The Map is Not the Territory - On the Path to Loch Humphrey

The holy man goes into the hills in solitude. When he returns to men, he teaches them what the Great Mystery has bidden him to tell.

Sioux Indian


The hills call me this morning... every morning I have a fanfare of fells from my living room window..

As they collect the dawn, the Campsie Fells (beyond science and knowledge) prostrate themselves in reverence to the presence of the Sun...
































This morning I decide to brave the more gentle (but no less majestic) Kilpatrick hills to the west... and the path to Loch Humphrey just behind the Kilpatrick braes.

By tube (from Cessnock), train (from Partick) and foot (from Kilpatrick) it is a mere 2 hours (going slowly with plenty of pauses to take in those wide estuarine views) from door to loch. I am always amazed at how near this remoteness is.
And it is remote! Up here, away from the prying eyes of the city, the music of the landscape resounds so deeply that all that comes back is silence. A few travellers are met along the way, a few nods of the head, a couple of buzzards calling out:

'wheeeueuuuuu.....

.....wheeeeueuuuuu....

                         ....here ah'm ur....

....here ah'm ur....'


























'Clyde & Cloud' [11th December 2012]


The solitude is exquisite, so exquisite that the 4 odd hours between leaving Kilpatrick train station and returning to it seem to pass in an instant. One has become, in accordance with the moment, and in accordance with being fully present, extemporaneous. Escorting this is a feeling of continuity and fluency, not of time (since we are 'now' outwith it), but of space. Within this spaciousness (what I like to call 'the splendid vastness of the uncontained Mind') there is a feeling of what can only be described as an 'ineluctable inextricability' (that governs all things and non-things). One is now, as a passenger on the train of the unconscious-consciousness, united with the land. Territory and organism melt into each other. No distinction can now be made. Equally, it could be said that they dissipate into a state of 'emptiness', an emptiness that is absolutely awake. The consequence of this experience is the profound assurance that Paradise is a reality.
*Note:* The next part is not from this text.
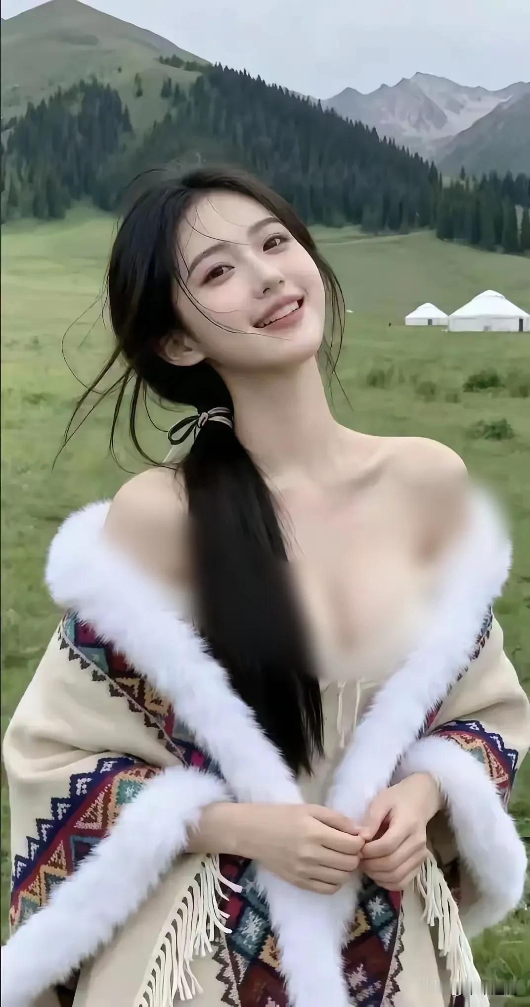 风掠过草原,裹着羊毛披肩的暖,长发随笑意轻扬。远处的毡房与青山作伴,此刻的松弛与

 [Looking east across Loch Humphrey towards the Campsie Fells in the distance]


The territory of thought, much like that of land, needs to be mapped, needs to be ‘thought out’, so that one might proceed into pure Spontaneity, and the realm of the unthinking. 'Reality cannot be equated with the nature of consciousness,' writes Raimond Panikkar in Invisible Harmony.
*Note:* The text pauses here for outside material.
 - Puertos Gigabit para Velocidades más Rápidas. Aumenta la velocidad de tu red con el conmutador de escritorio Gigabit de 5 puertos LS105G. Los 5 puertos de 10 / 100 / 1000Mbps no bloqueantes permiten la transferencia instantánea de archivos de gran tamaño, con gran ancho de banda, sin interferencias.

The best way to map out thought, to think out thinking, is to move right through it.

Reality may well be subjective in the words of Kierkegaard, but it is also an activity. You need to work at it, travel it, travail it. Thus, the event of 'Glasgow' itself becomes an activity. Left to its own devices Glasgow, as any other place, is merely a dictionarily defined 'city' - on the move, however, it shapeshifts with one's consciousness. Thus, when I'm in Warsaw I am warsaw; when I'm in Glasgow I am glasgow. The map is not the territory - I am.
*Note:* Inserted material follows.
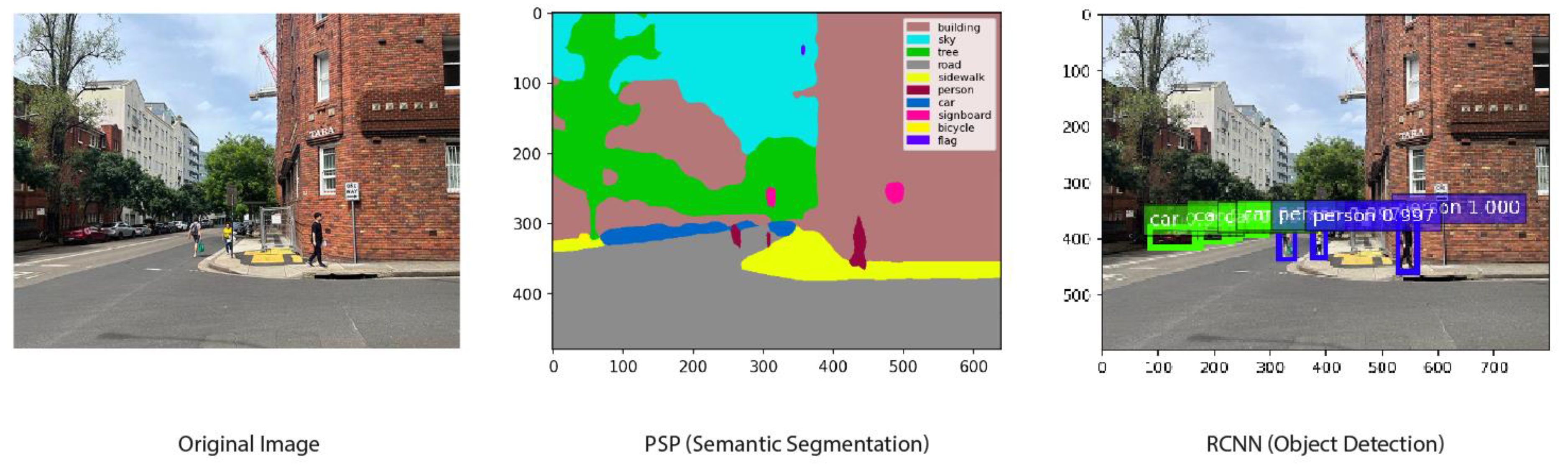 Pyramid Scene Parsing Network (PSPNet) and Region-based Convolutional Neural Network (R-CNN) were employed for robust image segmentation, object detection and analysis. PSPNet is a deep learning architecture designed for semantic image segmentation. It utilises a pyramid pooling module to capture multi-scale contextual information, enabling precise pixel-level classification and segmentation of objects within an image [56] is a widely adopted framework for object detection and localisation. It generates a set of region proposals (potential object locations), then extracts features from these regions using a convolutional neural network, refining the proposed regions to accurately identify objects of interest [57]. Both models were sourced from the GluonCV model zoo [58], and were used as fixed, pre-trained models for feature extraction rather than as part of a supervised training workflow. PSPNet was pre-trained on the Cityscapes dataset [59], and R-CNN on the Pascal visual object classes dataset [60]. Figure 5 depicts PSPNet and R-CNN outputs for an image from the survey. PSPNet was the primary segmentation method; R-CNN was used selectively to assess traits that required object counts, such as the number of cars or trees in an image, rather than their proportional coverage.

[From the Kilpatrick Braes looking east. At this height everything moves slowly...]


As I approach the end of the path returning towards Kilpatrick Railway Station, a young lad on his mountain bike wheelies past. I find him at his car another hundred yards or so down.

'Not brave enough to leave the car at home?' I cheekily venture.

He removes his pigtailed Tibetan hood, 'Sorry?'

I repeat it.

'Not if I'm coming from Glasgow' he says.

I move on, and think to myself how limited Glasgow has become in some people's heads. For me these hills, whether Kilpatrick or Campsie, Renfrewshire or Inverclyde, have always been 'Glasgow'. Always will be. Sure, they're hardly in the city-centre, but that's not such a bad thing. Indeed, I might cheekily venture that these hills, fells and moors are more central to Glasgow than any city-centre. To paraphrase the American anthropololgist Edward Twitchell Hall, 'The heart of the self extends far beyond the boundaries of the body'.